:: Task statement ::
Pictures must not appear in the copy. Set down exactly the line with "Colorful Alien Graphic" and each line after it through the end of the data below.

:: Entries supplied ::
● ● ● ●

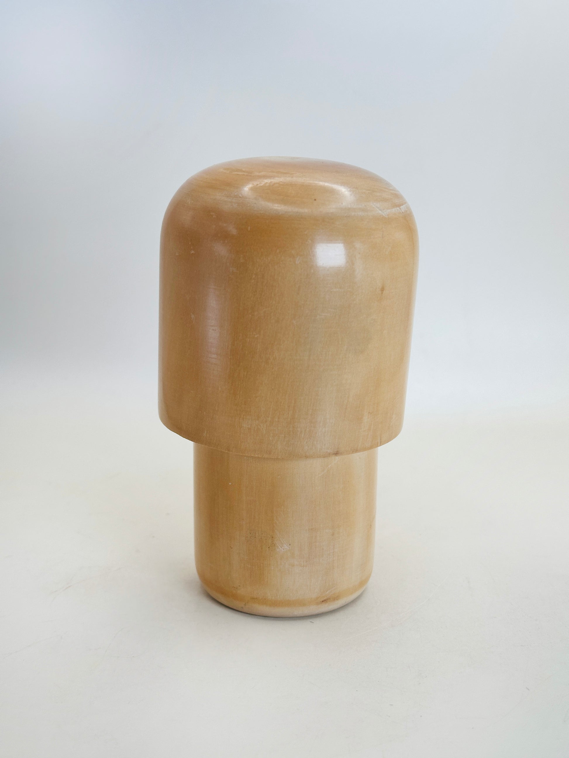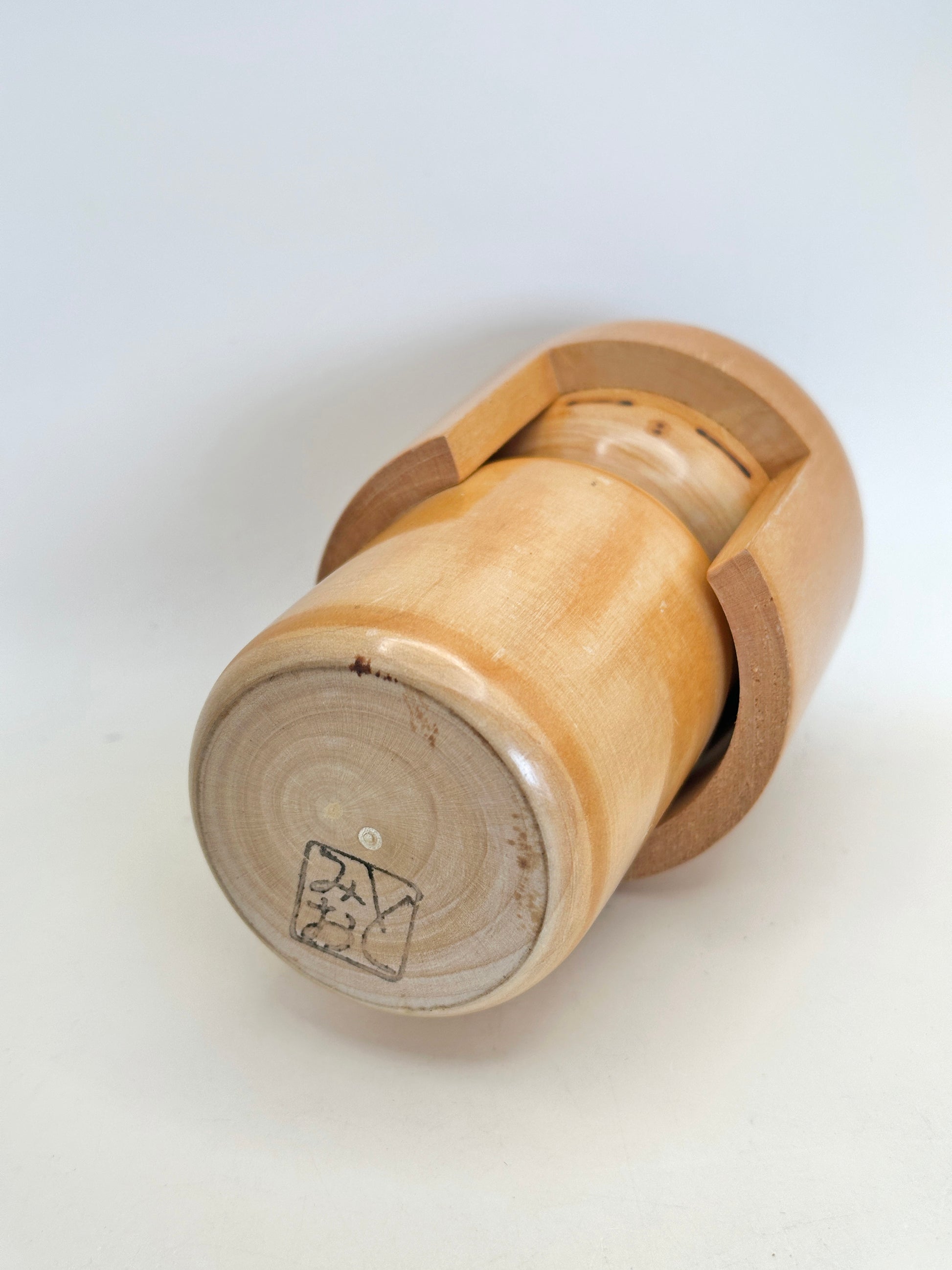 The body is smooth and cylindrical, left in a natural wood tone that highlights Ishida’s preference for simplicity over ornamentation. Instead of painted patterns, the artist allows the grain and natural sheen of the wood to become the central visual feature—emphasizing purity, symmetry, and a sculptural sensibility. The clean lines, balanced proportions, and subtle transitions between head and body reflect Ishida’s craftsmanship and his appreciation for modern Japanese aesthetics.
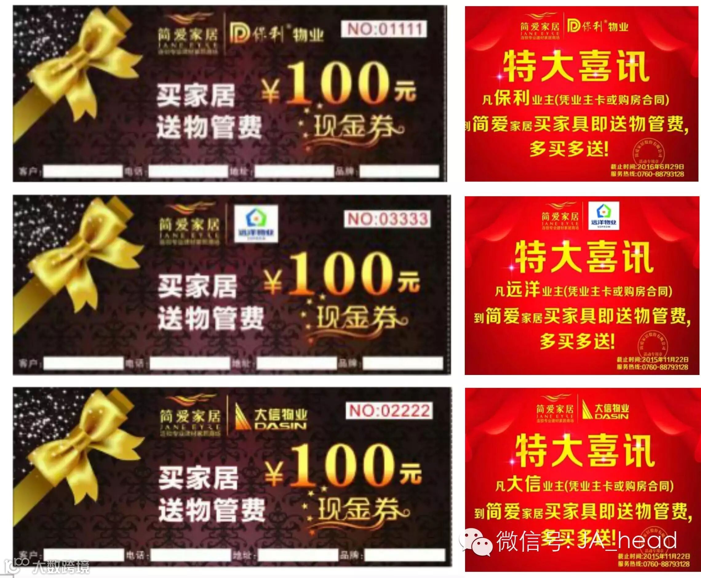 2015年11月22日,简爱家居中山区域与大信、保利、远洋物业深度合作,只要你在简爱购买家具就送物业管理费,服务在哪里?这就叫服务!真正给业主带来福利。
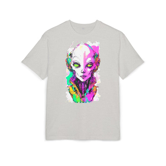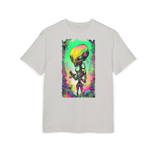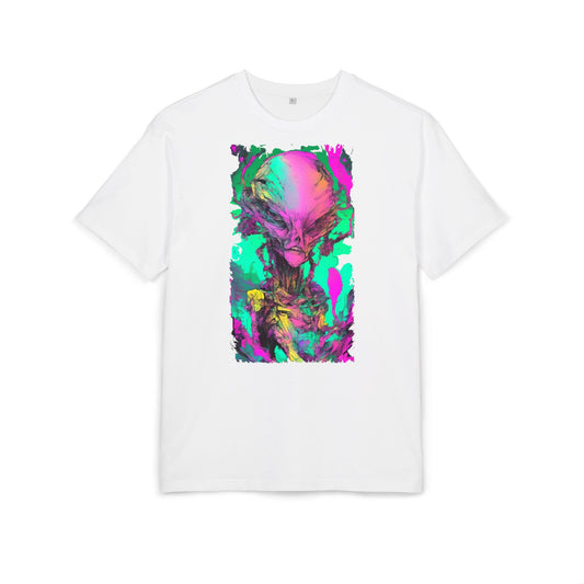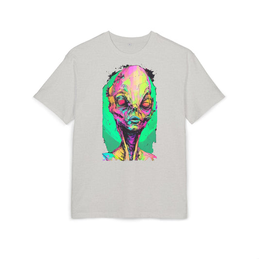 Colorful Alien Graphic Unisex Heavy Oversize Tee | Casual Streetwear, Gift for UFO Enthusiasts, Statement Tee, Festival Wear, Unique Art Tee
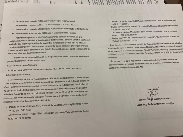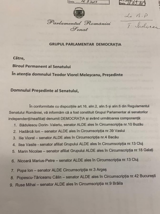 Preşedintele ALDE, Călin Popescu Tăriceanu, a înaintat către noul preşedinte al Senatului, Teodor Meleşcanu, documentele pentru înfiinţarea noului grup din Senat, alături de aleşii din Pro-România.
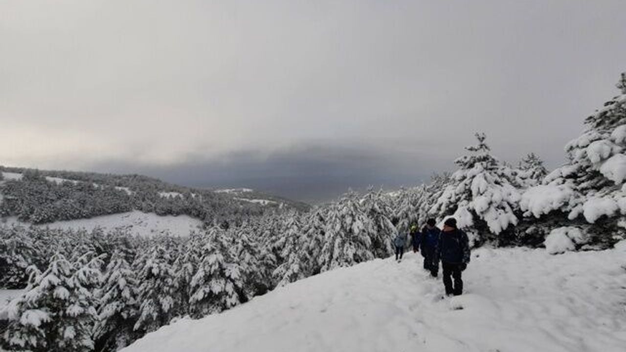 Eskişehir Doğa Aktiviteleri Grubu, kar yağışının hâkim olduğu hafta sonu tatilini doğa yürüyüşü yaparak değerlendirdi.
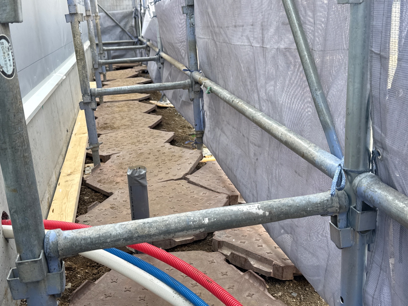 | 2 | 1m以上敷地がある場合は本足場が設置されているか | ||
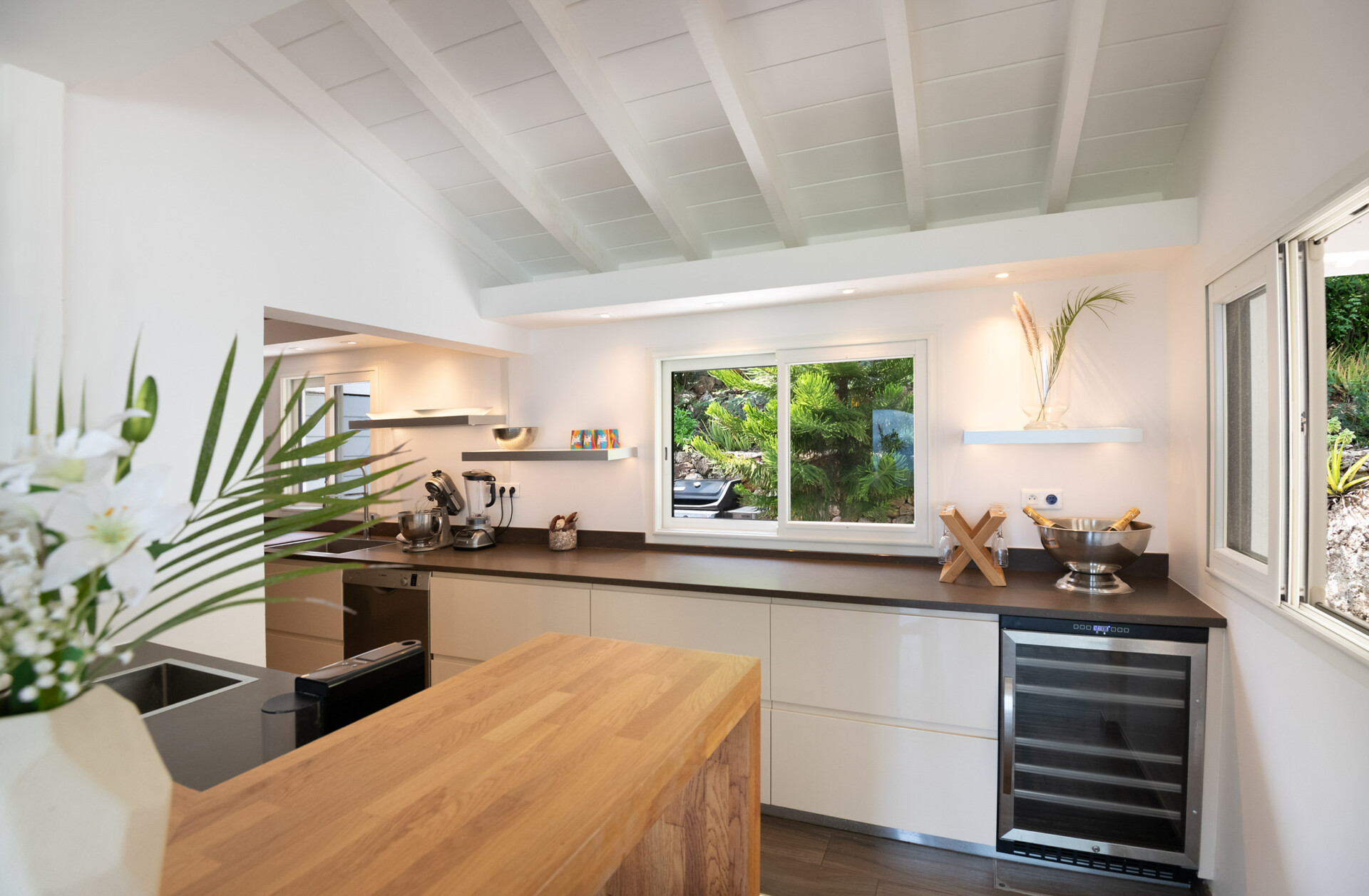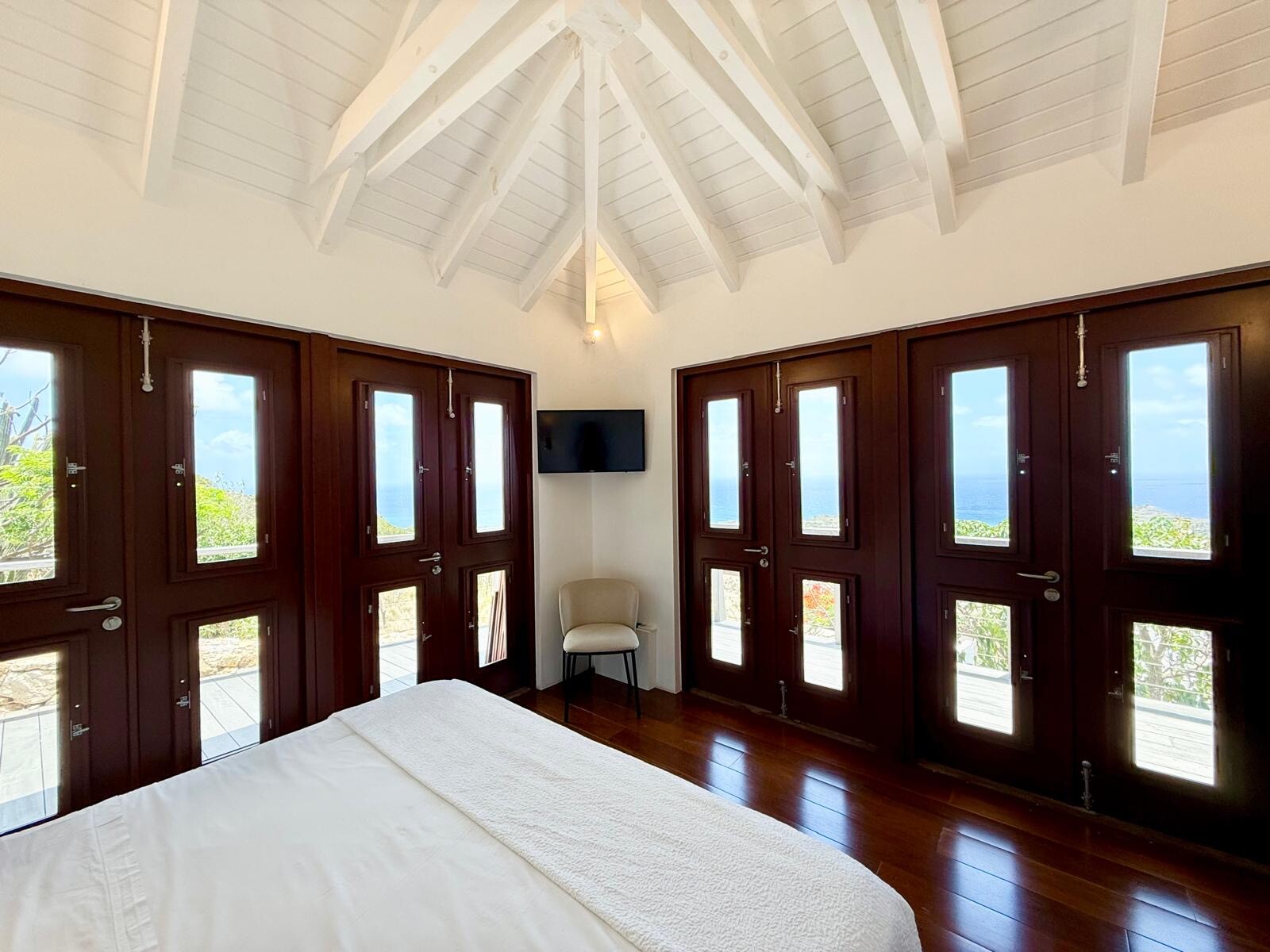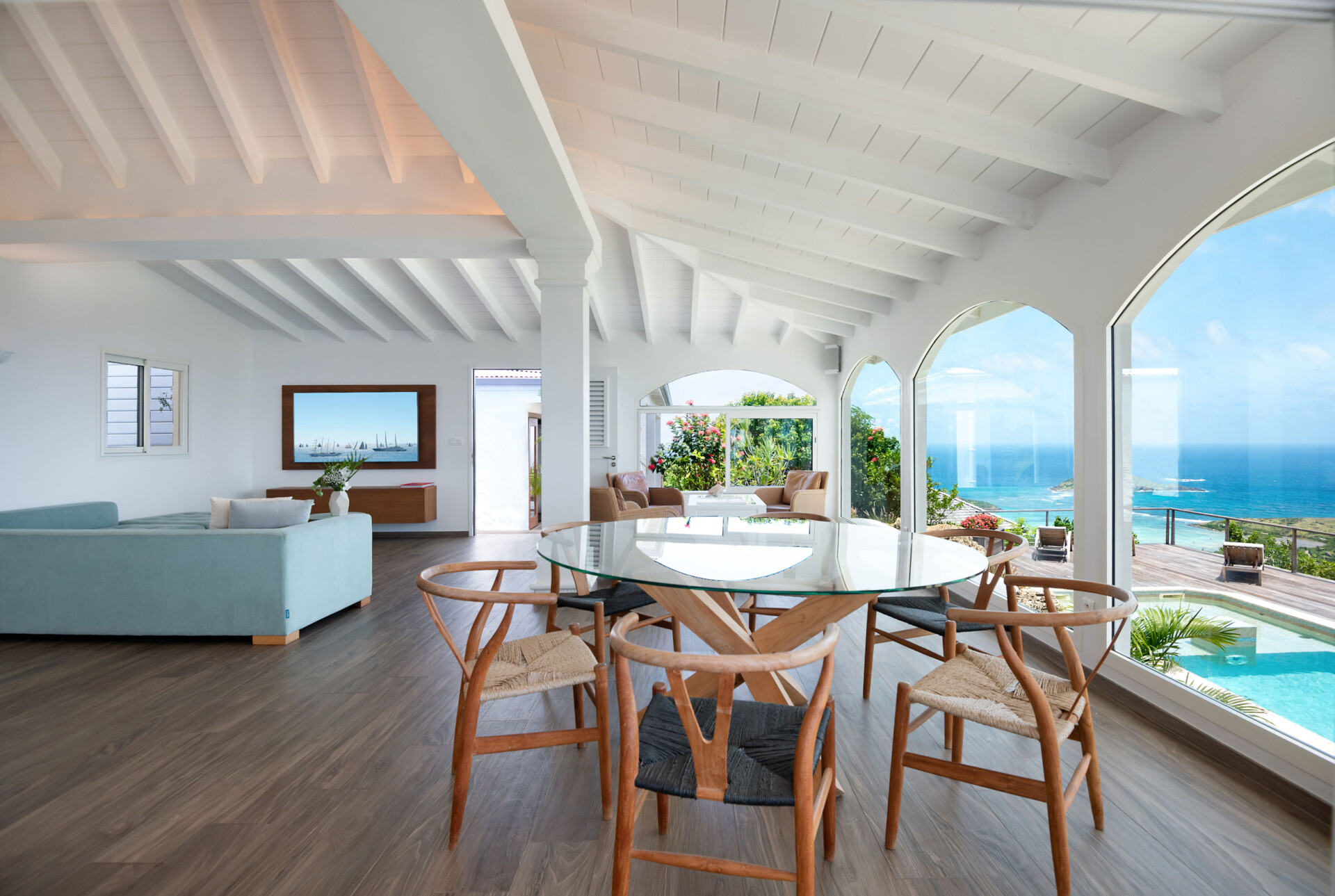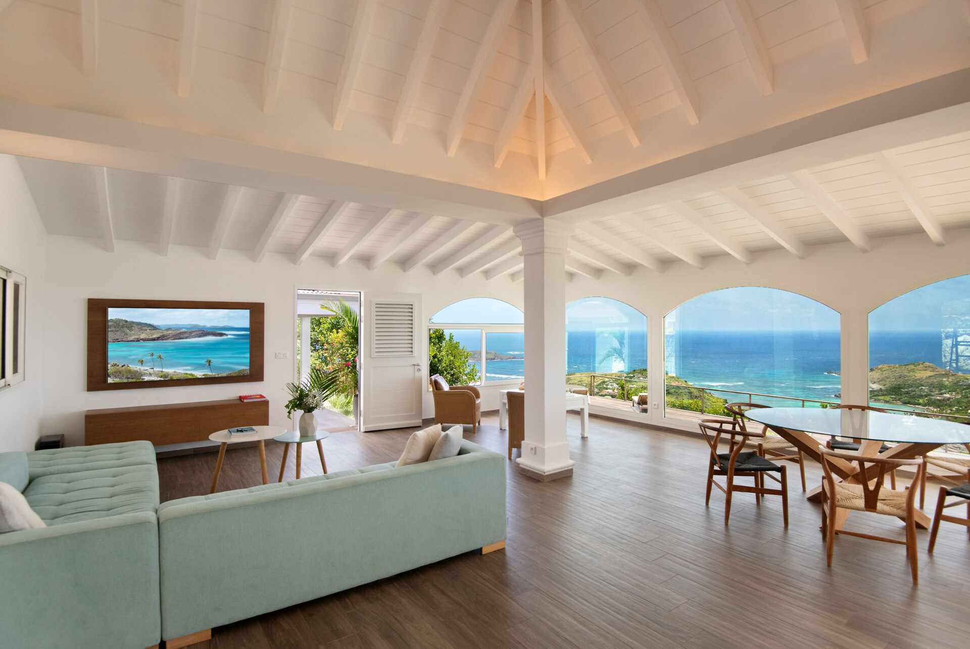 In the main room, in front of those floor-to-ceiling arched windows, there is a seating area with a large couch in the back, more seating in the front, a TV, and an indoor dining table. The big, well-equipped kitchen in the back enjoys the same lovely views. There is an outdoor dining area that also has that view, plus a second that’s in the garden and sheltered from inclement weather.

● ● ● ●

:: Expected answer ::
 Colorful Alien Graphic Unisex Heavy Oversize Tee | Casual Streetwear, Gift for UFO Enthusiasts, Statement Tee, Festival Wear, Unique Art Tee
 Preşedintele ALDE, Călin Popescu Tăriceanu, a înaintat către noul preşedinte al Senatului, Teodor Meleşcanu, documentele pentru înfiinţarea noului grup din Senat, alături de aleşii din Pro-România.
 Eskişehir Doğa Aktiviteleri Grubu, kar yağışının hâkim olduğu hafta sonu tatilini doğa yürüyüşü yaparak değerlendirdi.
 | 2 | 1m以上敷地がある場合は本足場が設置されているか | ||
 In the main room, in front of those floor-to-ceiling arched windows, there is a seating area with a large couch in the back, more seating in the front, a TV, and an indoor dining table. The big, well-equipped kitchen in the back enjoys the same lovely views. There is an outdoor dining area that also has that view, plus a second that’s in the garden and sheltered from inclement weather.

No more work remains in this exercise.